*Kei Masunaga1, Naoki Terada2, Francois Leblanc3, Shotaro Sakai2, Shoichiro Yokota4, Yuki Harada5, Takuya Hara6, Kanako Seki7, Atsushi Yamazaki1, Tomohiro Usui1
(1.Japan Aerospace Exploration Agency, 2.Department of Geophysics, Graduate School of Science, Tohoku University, 3.LATMOS, Sorbonne Universite, 4.Graduate School of Science, Osaka University, 5.Graduate School of Science, Kyoto University, Kyoto, Japan, 6.University of California Berkeley, 7.Department of Earth and Planetary Science, Graduate School of Science, University of Tokyo)
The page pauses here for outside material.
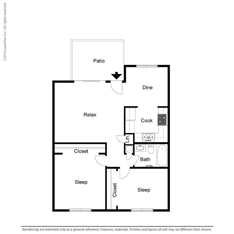 Large 2 Bed 1 Bath - Floorplan 3 Floor plans are artist's rendering. All dimensions are approximate. Actual product and specifications may vary in dimension or detail. Not all features are available in every rental home. Prices and availability are subject to change. Base rent is based on monthly frequency. Additional fees may apply, such as but not limited to package delivery, trash, water, amenities, etc. Deposits vary. Please see a representative for details.

Keywords:Mars, pickup ions, exosphere, MAVEN, MMX
Ion pickup by the solar wind is ubiquitous in space plasma, generating pickup ions. Because pickup ions are originally produced by ionization of the exospheric neutral atmosphere, their measurements contain information on the exospheric neutral abundance. Here we establish a method to retrieve exospheric number densities, by analyzing ion velocity distribution functions of pickup ions measured by the Mars Atmosphere and Volatile EvolutioN spacecraft. We retrieved exospheric oxygen density distribution between altitudes of ~1,000 km and 10,000 km around Mars. The consistency between the retrieved oxygen density distribution the modeled density distribution of the Exospheric General Model suggests that the oxygen atoms are mainly produced by dissociative recombination of O2+ in the Martian ionosphere. This method may be applied to other space missions to study the upper atmosphere of planets, moons, and small bodies in the solar system, where pickup ions exist. In this presentation, we discuss the application of this method to our future observations of the Mass Spectrum Analyzer on the Martian Moons eXploration spacecraft.